[Start of section]

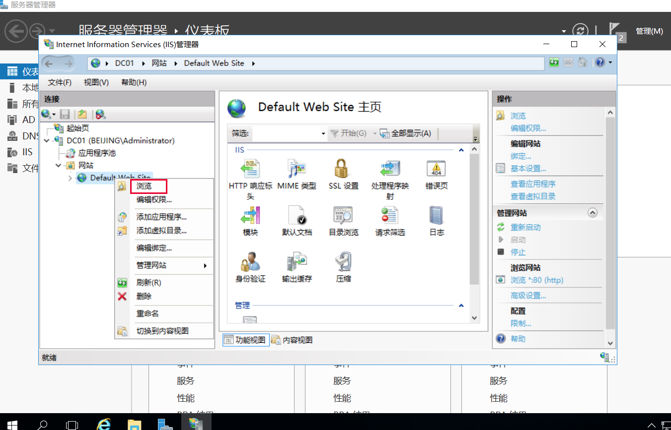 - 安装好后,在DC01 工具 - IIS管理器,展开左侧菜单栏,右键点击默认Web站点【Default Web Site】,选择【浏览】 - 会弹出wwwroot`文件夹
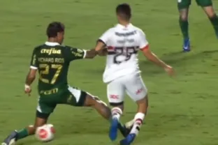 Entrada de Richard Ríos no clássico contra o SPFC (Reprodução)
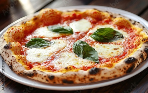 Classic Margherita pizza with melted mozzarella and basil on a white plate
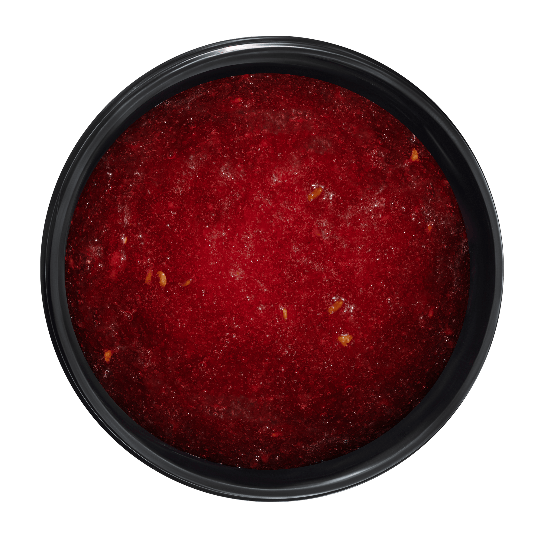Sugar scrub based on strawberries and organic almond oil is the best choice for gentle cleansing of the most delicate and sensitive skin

[End of section]

Transcribe the material exactly, keeping every word and none of the pictures.

 - 安装好后,在DC01 工具 - IIS管理器,展开左侧菜单栏,右键点击默认Web站点【Default Web Site】,选择【浏览】 - 会弹出wwwroot`文件夹
 Entrada de Richard Ríos no clássico contra o SPFC (Reprodução)
 Classic Margherita pizza with melted mozzarella and basil on a white plate
Sugar scrub based on strawberries and organic almond oil is the best choice for gentle cleansing of the most delicate and sensitive skin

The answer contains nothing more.